La femme de peau est un roman éminemment moderne et aborde plusieurs questions intéressantes.
La première est le rapport au monde que nous entretenons à travers notre propre corps. La superficialité dont nous faisons presque tous preuve d'une façon plus ou moins prononcée et de l'importance que nous plaçons dans le jugement des personnes croisant notre chemin. Que vont-ils penser ? Pire, que vont-ils dire ? On s'est tous déjà posé cette question lorsqu'on s'est aperçu, un matin, de la présence d'un bouton de fièvre ou d'un autre, disgracieux, en plein milieu de notre figure. Dans notre société où cette peur s'est accrue jusqu'au paroxysme (nous utilisons des filtres pour masquer nos défauts, nous retouchons nos photos, nous rognons tout ce qui nous importune…), on observe que cette angoisse, à l'état embryonnaire comparé à notre présent, était déjà parmi nous au siècle dernier. Malgré la guerre, malgré la faim, le rationnement, les bombardements, il existe toujours chez l'être humain ce rapport malsain au jugement des autres et au qu'en dira-t-on.
Le deuxième raisonnement intéressant de ce récit est celui émanant de l'auteur lui-même à travers la notion du dolorisme, concept dont il se revendique la paternité. Subir une douleur (qu'elle soit mentale ou physique, dont l'origine est liée à notre corps) tellement immense que c'est toute la psychée de l'individu qui faillit. Alors viennent la perdition totale et la folie. On sombre complètement. Notre monde se transforme et se remplit petit à petit des obsessions douloureuses qui nous torturent. Nous devenons esclave de notre condition de chair. Il n'existe plus que ça, nous ne vivons plus que pour et à travers cette douleur. Dans ce roman, ce qui débutait comme un simple petit bouton à peine discernable sur le corps d'une jeune fille en pleine santé mentale et physique, devient petit à petit, au fil des années, la seule cause de son malheur irréductible. La complaisance perfide et malsaine dont elle fait preuve à l'égard de sa maladie la fait replonger périodiquement dans la douleur, elle se cloître alors éternellement dans les limbes de sa chambrette d'adolescente. Cette complaisance, envers laquelle le lecteur se courrouce, tant elle lui paraît invraisemblable et mortifère pour le sujet lui-même, ne sont que les symptômes de la folie qui pointe le bout de son nez chez une jeune fille innocente.

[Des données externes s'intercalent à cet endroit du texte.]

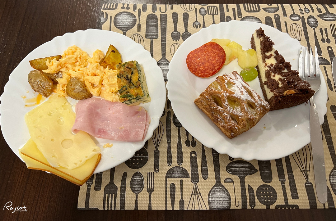 조식 메뉴는 대부분 빵과 베이컨, 햄, 오믈렛, 샐러드, 시리얼, 과일 등인데 같은 종류지만 매일 조금씩 바뀐다.
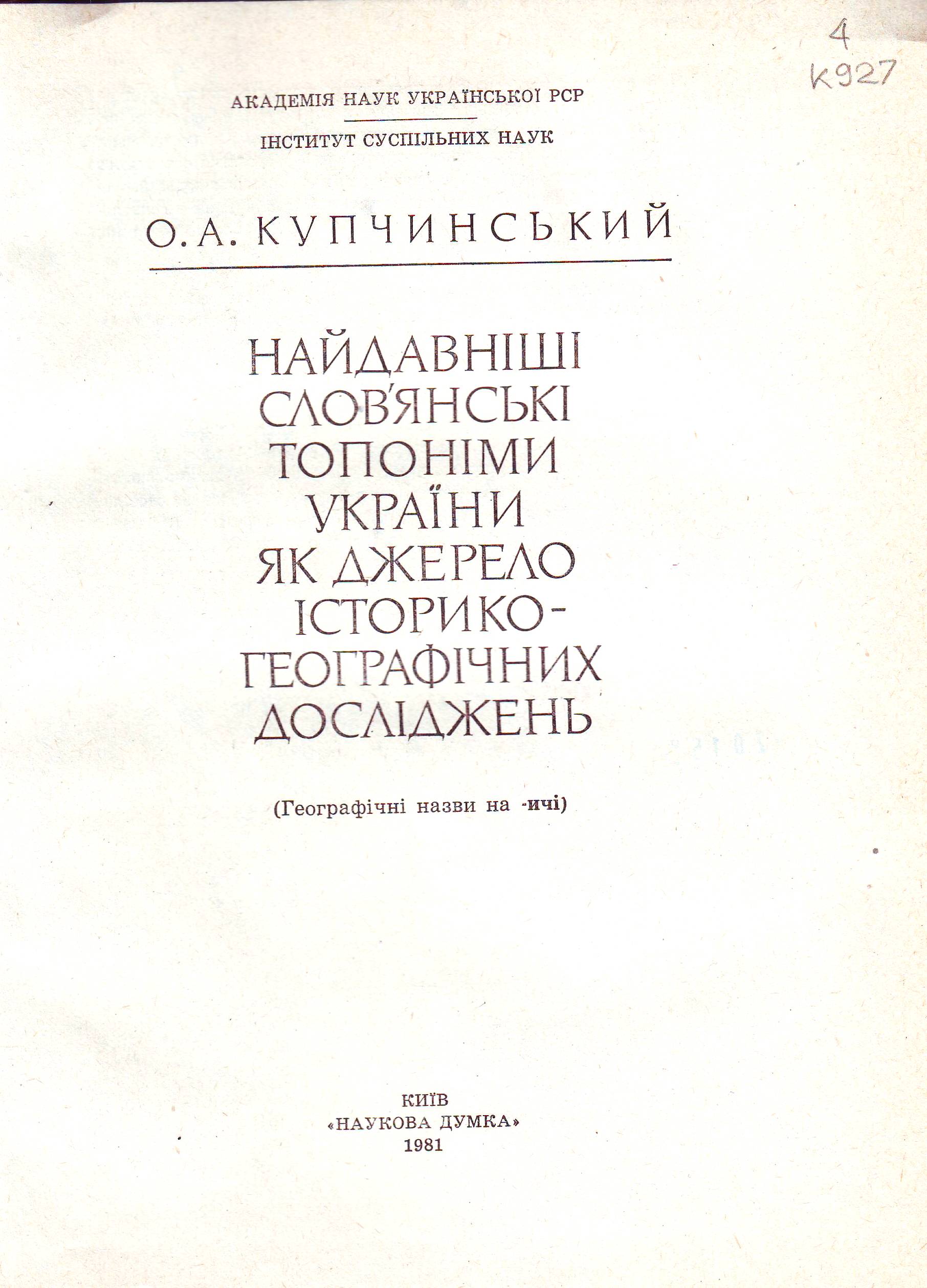 Купчинський О. А. Найдавніші слов’янські топоніми України як джерело історико-географічних досліджень: географічні назви на ’-ичі’ / О. Купчинський ; АН УРСР ; Ін-т сусп. наук. – К.: Наукова думка, 1981 р. – 251 с. Дослідження, здійснене автором на основі комплексного вивчення топонімічних матеріалів, висвітлює питання лінгвістики, археології, географії слов’ян. |

Ainsi, Teppe, par l'exemple qu'il nous donne de son dolorisme à travers
La femme de peau, nous plonge au plus près de cette angoisse que l'on connaît tous mais dont la résonance nous parvient d'autant plus clairement lorsque l'on vit au début du 21ème siècle, précisément là où notre société se voit gangrénée par le paraître. En outre, il nous donne à travers la situation de ce personnage les prémices d'une réflexion sur le fonctionnement psychique profond de l'âme humaine. Fonctionnement dont la psychanalyse, d'abord, et la psychologie scientifique, plus tard, s'empareront tour à tour afin d'aider l'Homme à retrouver un peu de raison et d'éclairer son chemin lorsqu'il se perd à l'intérieur de cet abîme obscur en lequel il est parfois happé contre sa volonté, évidemment, mais sans, non plus, y opposer une franche résistance.